In real life, we’ve witnessed the following three mutations being the most popular:

Case mutation: different variations of uppercase and lowercase characters.

Digit mutation: one or more digits added to the beginning or at the end of the password.

Year mutation: a four-digit year appended to the end of the password.

You can read more about mutations in the Attack Settings and Dictionary Mutations sections of the manual.

Masks

Some organizations have strict password security policies requiring the use of a certain number of small characters, capital letters, numbers and special characters. If you know the rules, the mask attack helps you use such policies to your advantage by only checking for passwords that match the known structure.

Note: while the Mutations attack expands the number of passwords to try, Masks do the opposite by skipping checks on passwords that don’t match the set mask.

You can read more about the masks in the Attack Settings.

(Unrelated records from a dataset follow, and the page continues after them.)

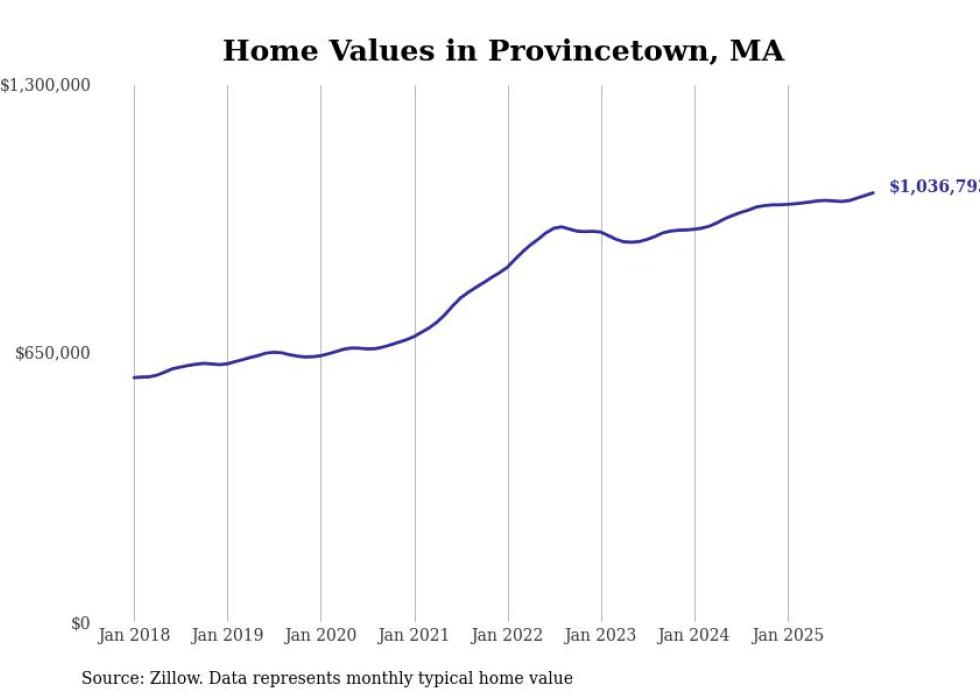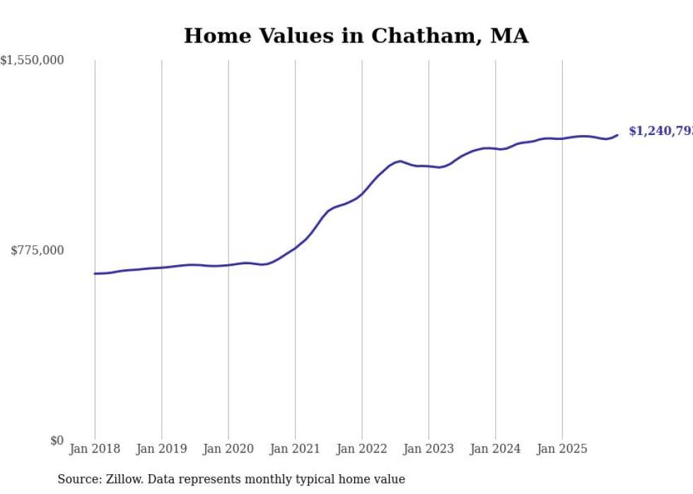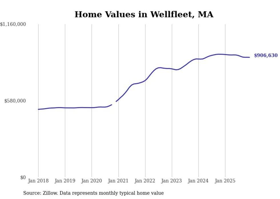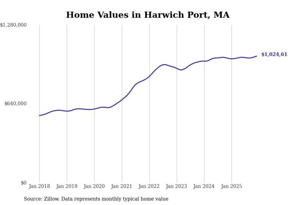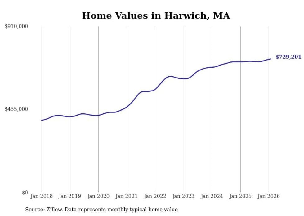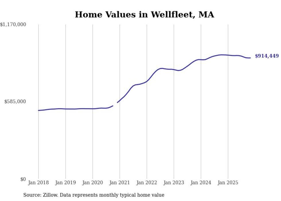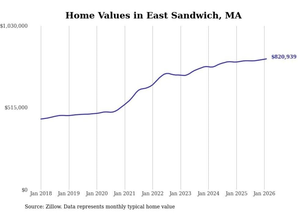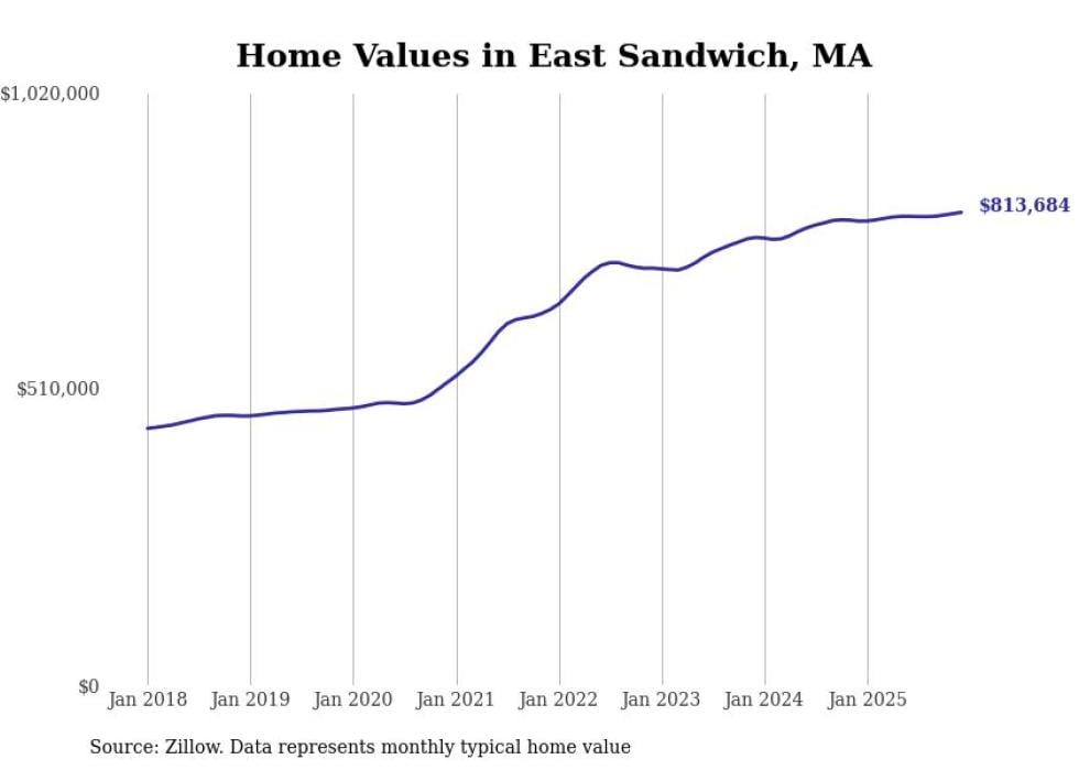 Stacker compiled a list of cities with the most expensive homes in the Barnstable Town metro area using data from Zillow. Charts show the monthly typical home value since January 2018. All 19 cities and towns with data available were included in the list.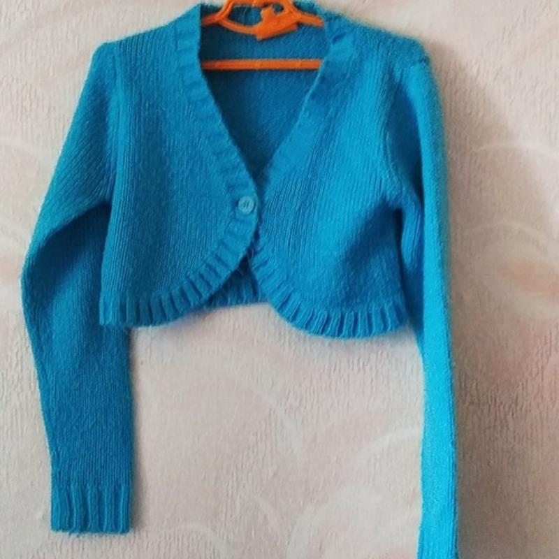 Теплая кофточка - болеро бирюзового цвета. Очень удобная и практичная. Длина -28 см., рукав-51 см.(можно подвернуть)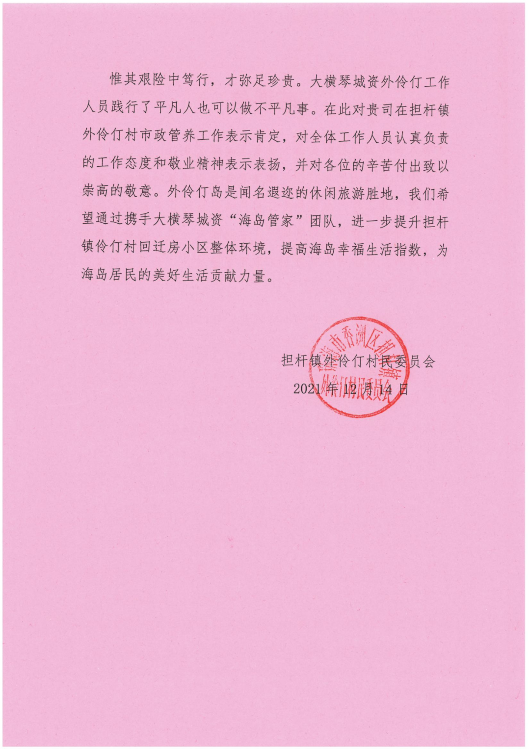 作為珠海最早探索“海島管家”特色服務(wù)的專(zhuān)業(yè)公司之一,大橫琴城資海島服務(wù)團(tuán)隊(duì)于2021年率先進(jìn)駐擔(dān)桿鎮(zhèn),并逐步將服務(wù)版圖擴(kuò)展至桂山島,在鎮(zhèn)政府的統(tǒng)一領(lǐng)導(dǎo)下,為助力美麗海島高質(zhì)量發(fā)展保駕護(hù)航。此次再度進(jìn)駐外伶仃島,既承載了客戶(hù)和居民的信任與期盼,也展現(xiàn)了大橫琴城資持續(xù)深耕海島服務(wù)的決心與信心。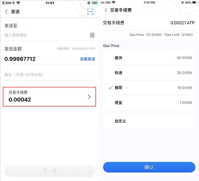 4. 选择交易手续费,可自行选择不同数量的手续费。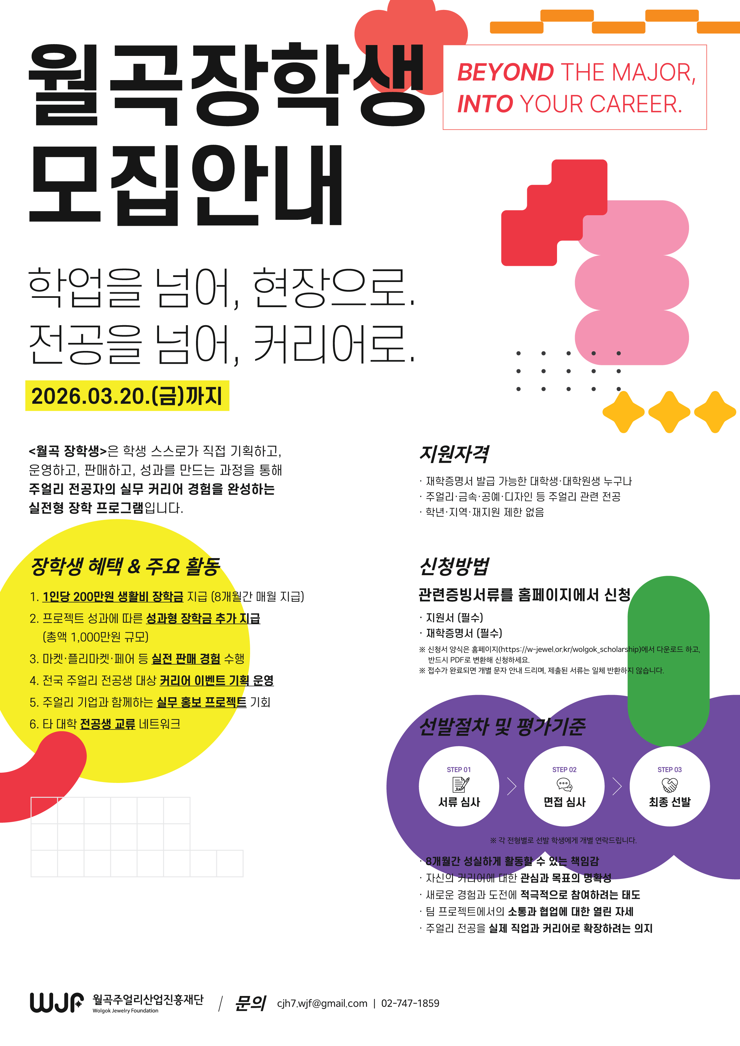 [월곡주얼리산업진흥재단]2026년도 월곡장학생 모집 안내

Combination and Hybrid attacks

In real life, encountering passwords made of a single dictionary word is rare. More often than not, passwords consist of two or three words combined with some numbers and special characters. The Combination and Hybrid attacks target this kind of passwords by allowing you to try passwords made of two words, each of them taken from the dictionary. You can use the same or different dictionaries for the first and second words. We recommend enabling the check for upper-case and lower-case combination, word delimiters and extra mutations.

With the first option, the program will try to capitalize the first letter of each word, i.e. testing all four combinations. The second option (Use word delimiters) allows to set the different characters (like dash and underline, though you can set any other ones as well) to be used between words. Finally, you can apply extra mutations to all resulting passwords (Dictionary mutations options will be used). The program tries to estimate the total number of passwords instantly, but mutations will not be counted.

Hybrid attacks are even more complex, allowing to specify scriptable rules desribing the passwords. Combination and Hybrid attacks are documented in the Attack Settings section of the manual.

Suggested Wi-Fi Password Auditing Workflow

Our suggested workflow for auditing Wi-Fi passwords consists of the following steps.

  1. Prepare the list of local phone numbers and save it as a text-based dictionary file. Run a plain, straightforward, zero-mutation attack through that dictionary.
  2. Try all-digit passwords. Depending on the available computational resources, you may be able to try passwords containing 8 to 10 digits in a matter of minutes. From the technical standpoint, this is considered a brute-force attack configured as follows: minimal password length = 8; maximum password length = 10; character set: 0123456789
  3. Run an attack through the Top 10,000 and Top 10 million password lists. Again, no mutations, just straightforward dictionary attacks.
  4. Run a dictionary attack with mutations (single dictionary).
  5. Optional: run a dictionary attack with masks.
  6. Run a hybrid attack with two dictionaries and mutations (note: the two dictionaries may be the same or different to help you try combinations of two words).